- Dataset extract -
_____
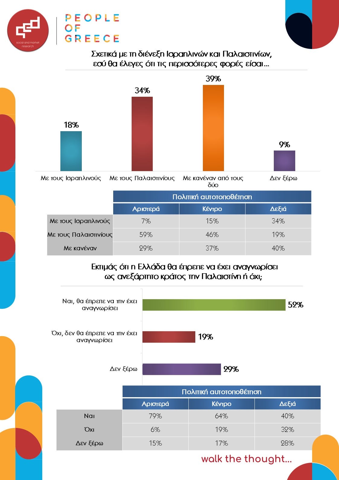 - Η στάση απέναντι στη διένεξη Ισραήλ–Παλαιστίνης αντικατοπτρίζει την ελληνική ιστορική φιλοπαλαιστιανική παράδοση, αλλά και μια νέα πραγματιστική στροφή. Οι περισσότεροι Έλληνες δεν παίρνουν θέση (40%), όμως η πλειονότητα (52%) θεωρεί ότι η Ελλάδα θα έπρεπε να αναγνωρίσει την Παλαιστίνη. Αυτό υποδεικνύει συμπάθεια προς τους Παλαιστινίους, αλλά και αποστασιοποίηση από διπολικές λογικές — μια τάση πιο ουδέτερη και «ρεαλιστική» που αντανακλά ίσως την κόπωση από τα διεθνή διλήμματα.
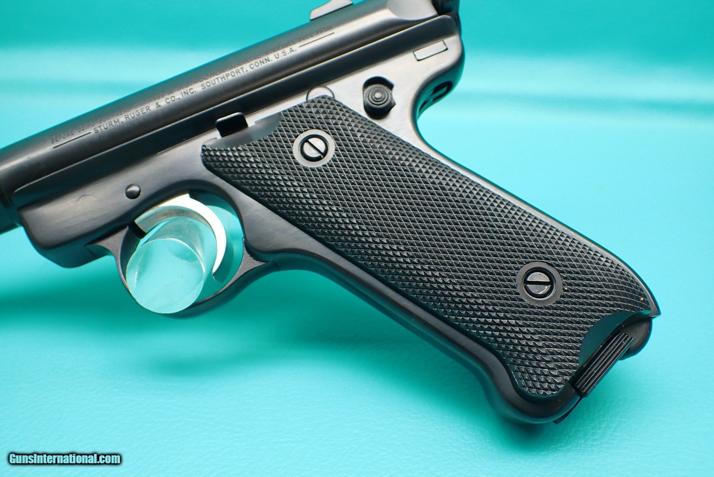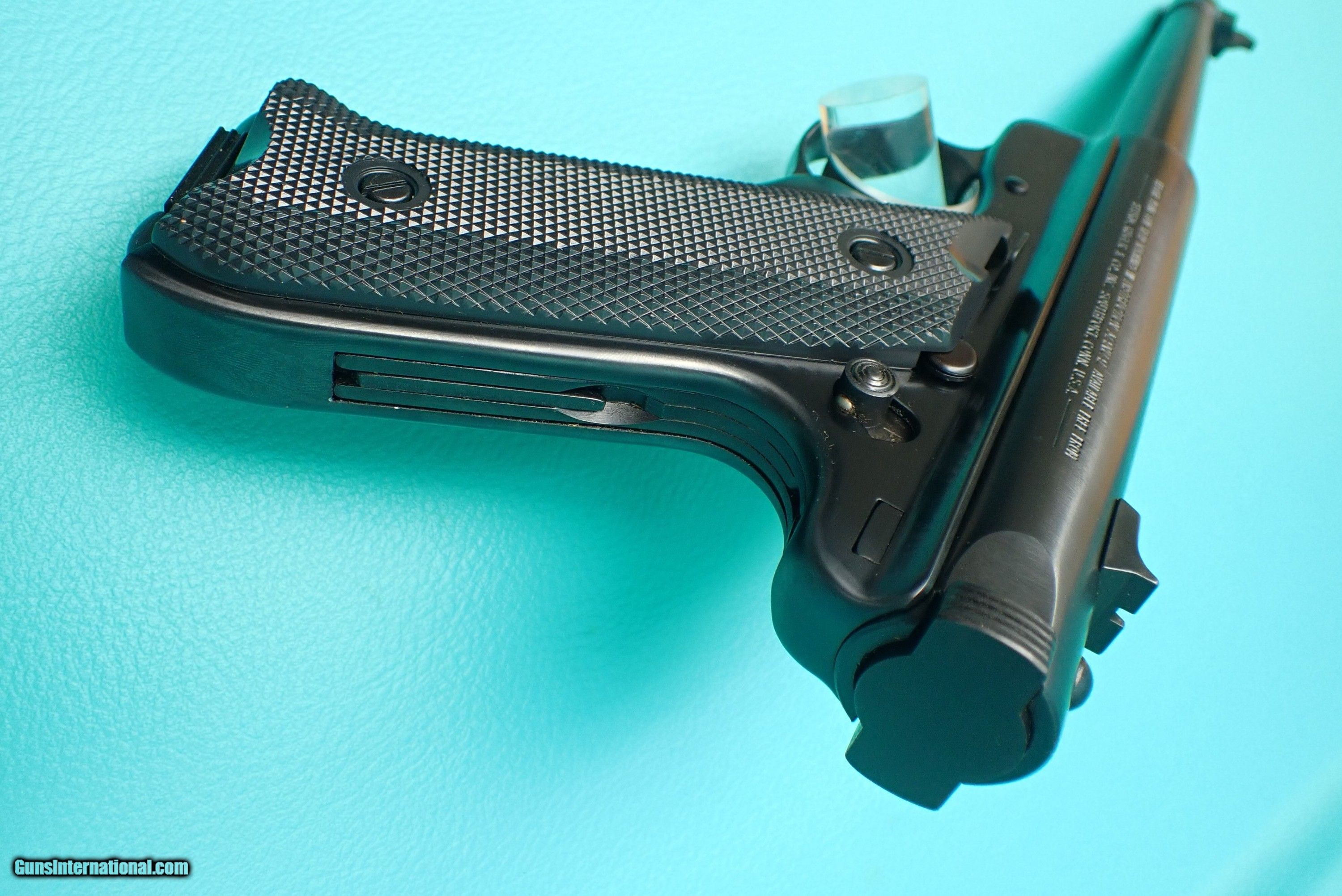 Description: ***SOLD**Ruger MKII .22LR semi-automatic pistol dated to 1981. This pistol features the classic Ruger target pistol design, with a beautiful blue finish and black plastic grips. This pistol is in spectacular original condition with virtually no finish wear as well as a perfectly functional action and a great bore. This pistol comes with a 10rd magazine, a factory box with paperwork, and it's original distributor shipping box. Please refer to the photos for overall condition. No handgun sales in MA. Shipping $30.00.***SOLD** SOLD Handgun Caliber: .22 Long Rifle Manufacturer: Ruger Model: MKII Serial Number: 18-80847 |
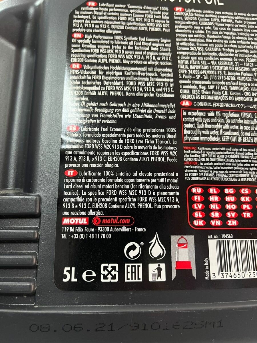 MOTUL Масло Моторное Motul Specific 913C/D Ford 5W-30 Синтетическое 5 Л 104560
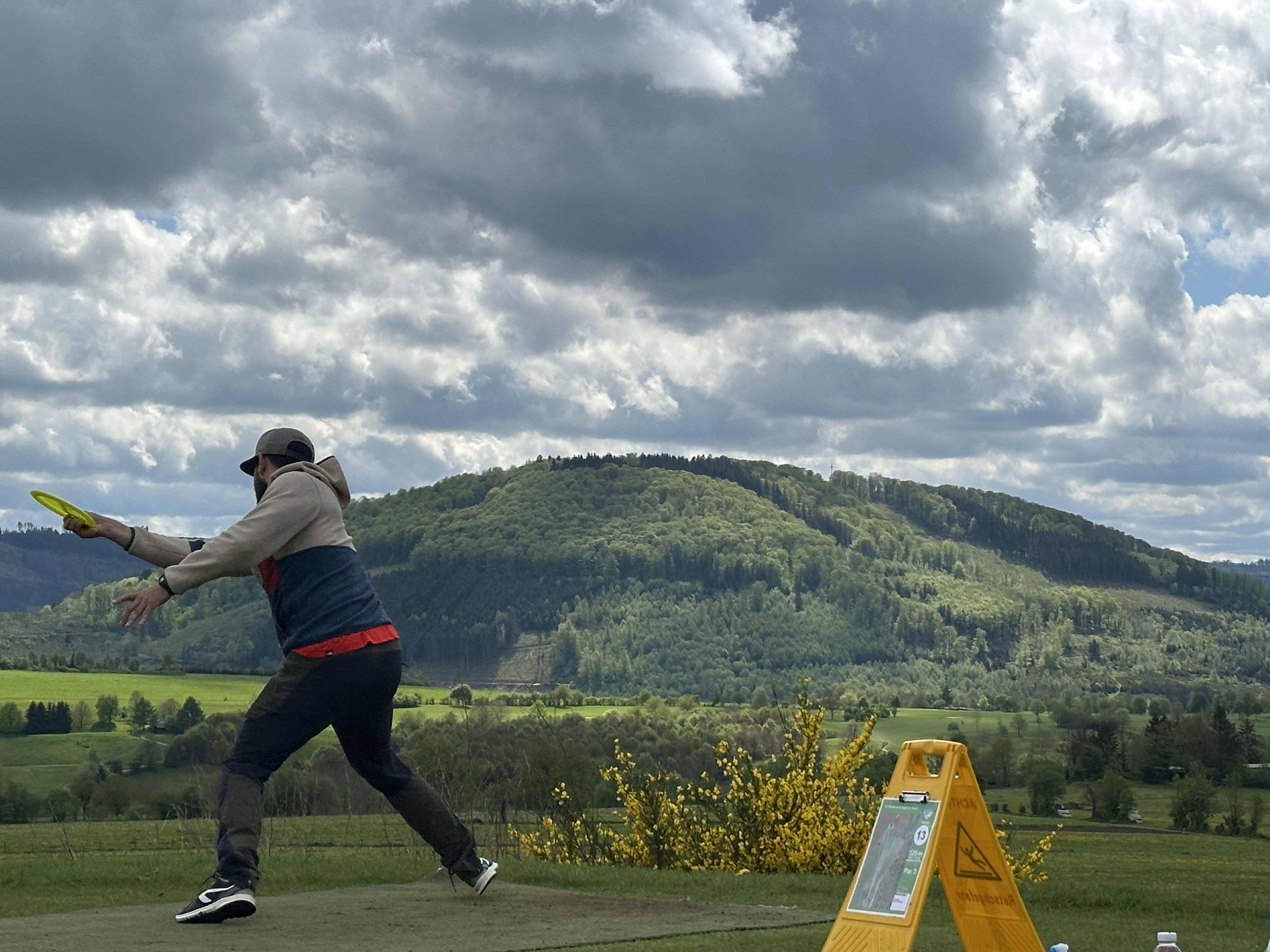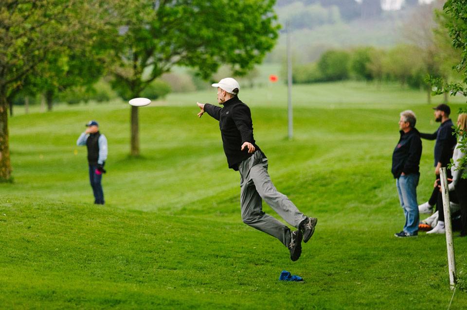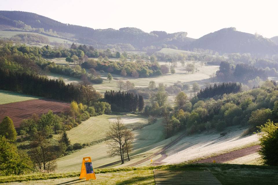 Am Donnerstagmorgen machten wir uns mit einem voll beladenen Smart – gepackt mit Discgolf-Scheiben sowie Regen- und Sommerkleidung, da das Wetter als wechselhaft vorhergesagt war – auf den Weg ins idyllische Sauerland. Im Golfclub Schmallenberg angekommen, taten wir uns am Tee der ersten Bahn mit Björn und Lukas zusammen, die ebenfalls nur für die Proberunde angereist waren. Die Sonne strahlte und die Bedingungen waren perfekt. Ich spielte eine +1 und setzte damit die Messlatte für die erste Turnierrunde.
_____
What you give back must be the data above, reproduced exactly and free of pictures.

 - Η στάση απέναντι στη διένεξη Ισραήλ–Παλαιστίνης αντικατοπτρίζει την ελληνική ιστορική φιλοπαλαιστιανική παράδοση, αλλά και μια νέα πραγματιστική στροφή. Οι περισσότεροι Έλληνες δεν παίρνουν θέση (40%), όμως η πλειονότητα (52%) θεωρεί ότι η Ελλάδα θα έπρεπε να αναγνωρίσει την Παλαιστίνη. Αυτό υποδεικνύει συμπάθεια προς τους Παλαιστινίους, αλλά και αποστασιοποίηση από διπολικές λογικές — μια τάση πιο ουδέτερη και «ρεαλιστική» που αντανακλά ίσως την κόπωση από τα διεθνή διλήμματα.
 Description: ***SOLD**Ruger MKII .22LR semi-automatic pistol dated to 1981. This pistol features the classic Ruger target pistol design, with a beautiful blue finish and black plastic grips. This pistol is in spectacular original condition with virtually no finish wear as well as a perfectly functional action and a great bore. This pistol comes with a 10rd magazine, a factory box with paperwork, and it's original distributor shipping box. Please refer to the photos for overall condition. No handgun sales in MA. Shipping $30.00.***SOLD** SOLD Handgun Caliber: .22 Long Rifle Manufacturer: Ruger Model: MKII Serial Number: 18-80847 |
 MOTUL Масло Моторное Motul Specific 913C/D Ford 5W-30 Синтетическое 5 Л 104560
 Am Donnerstagmorgen machten wir uns mit einem voll beladenen Smart – gepackt mit Discgolf-Scheiben sowie Regen- und Sommerkleidung, da das Wetter als wechselhaft vorhergesagt war – auf den Weg ins idyllische Sauerland. Im Golfclub Schmallenberg angekommen, taten wir uns am Tee der ersten Bahn mit Björn und Lukas zusammen, die ebenfalls nur für die Proberunde angereist waren. Die Sonne strahlte und die Bedingungen waren perfekt. Ich spielte eine +1 und setzte damit die Messlatte für die erste Turnierrunde.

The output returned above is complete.